> [Assigned task] Output must consist only of the lines of the material below from the one with "舞之戀秋冬季長袖絲絨寶寶芭蕾舞裙" through the one with "横浜市戸塚駅周辺から 東戸塚方面(北北東)を望む展望カメラの映像です。 左は現在の映像です。", each reproduced exactly; no pictures belong in it.

> [Supplied data]

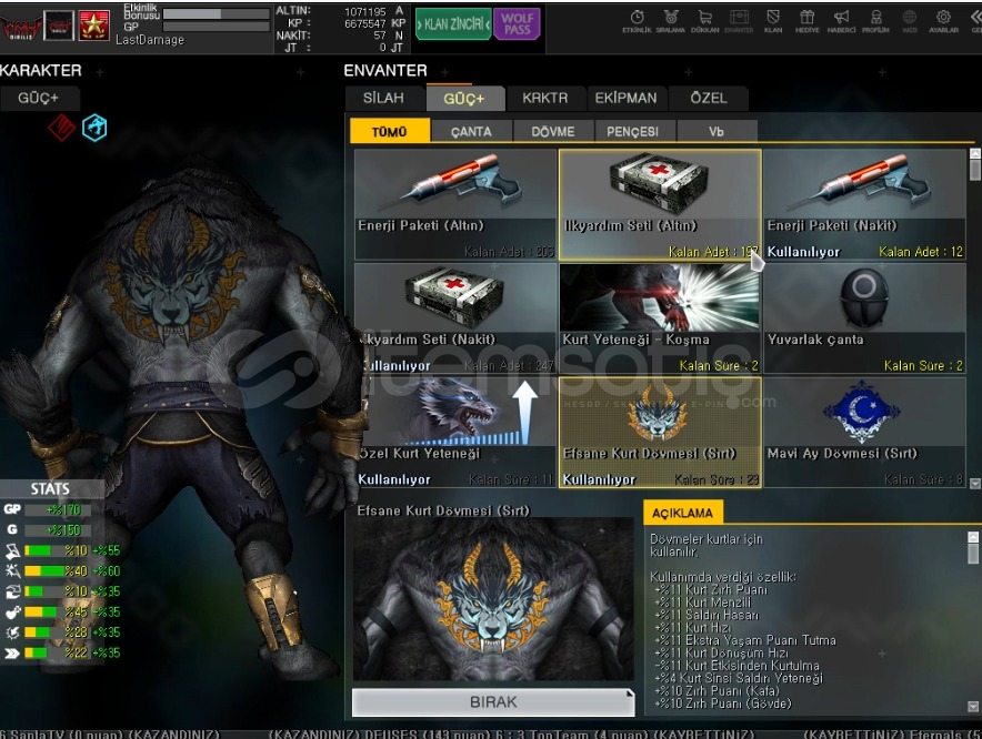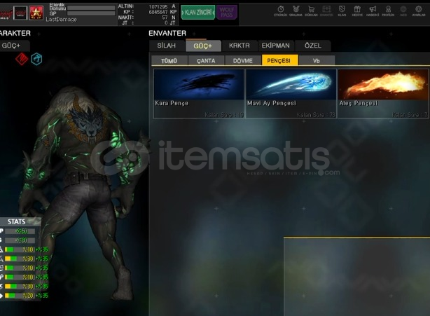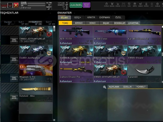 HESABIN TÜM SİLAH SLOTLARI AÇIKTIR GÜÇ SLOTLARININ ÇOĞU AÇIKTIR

---

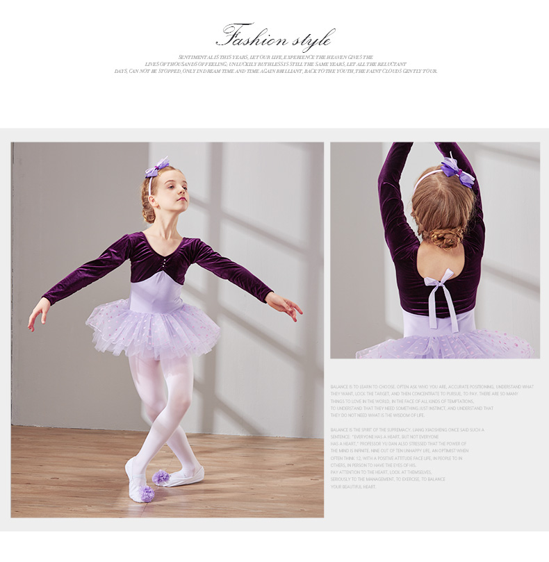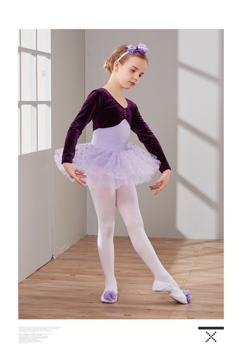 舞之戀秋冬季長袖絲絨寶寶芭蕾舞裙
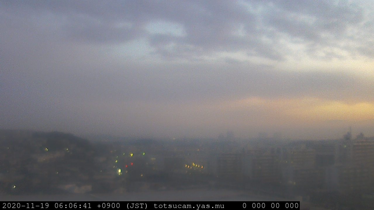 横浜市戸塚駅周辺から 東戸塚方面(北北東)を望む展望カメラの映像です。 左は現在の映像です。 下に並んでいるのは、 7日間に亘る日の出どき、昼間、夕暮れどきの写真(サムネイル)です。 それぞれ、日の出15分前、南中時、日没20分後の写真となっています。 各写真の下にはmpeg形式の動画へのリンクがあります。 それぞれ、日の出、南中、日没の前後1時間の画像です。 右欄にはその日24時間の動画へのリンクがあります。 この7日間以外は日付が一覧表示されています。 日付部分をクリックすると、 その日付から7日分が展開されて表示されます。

> [Solution to this task]
 舞之戀秋冬季長袖絲絨寶寶芭蕾舞裙
 横浜市戸塚駅周辺から 東戸塚方面(北北東)を望む展望カメラの映像です。 左は現在の映像です。 下に並んでいるのは、 7日間に亘る日の出どき、昼間、夕暮れどきの写真(サムネイル)です。 それぞれ、日の出15分前、南中時、日没20分後の写真となっています。 各写真の下にはmpeg形式の動画へのリンクがあります。 それぞれ、日の出、南中、日没の前後1時間の画像です。 右欄にはその日24時間の動画へのリンクがあります。 この7日間以外は日付が一覧表示されています。 日付部分をクリックすると、 その日付から7日分が展開されて表示されます。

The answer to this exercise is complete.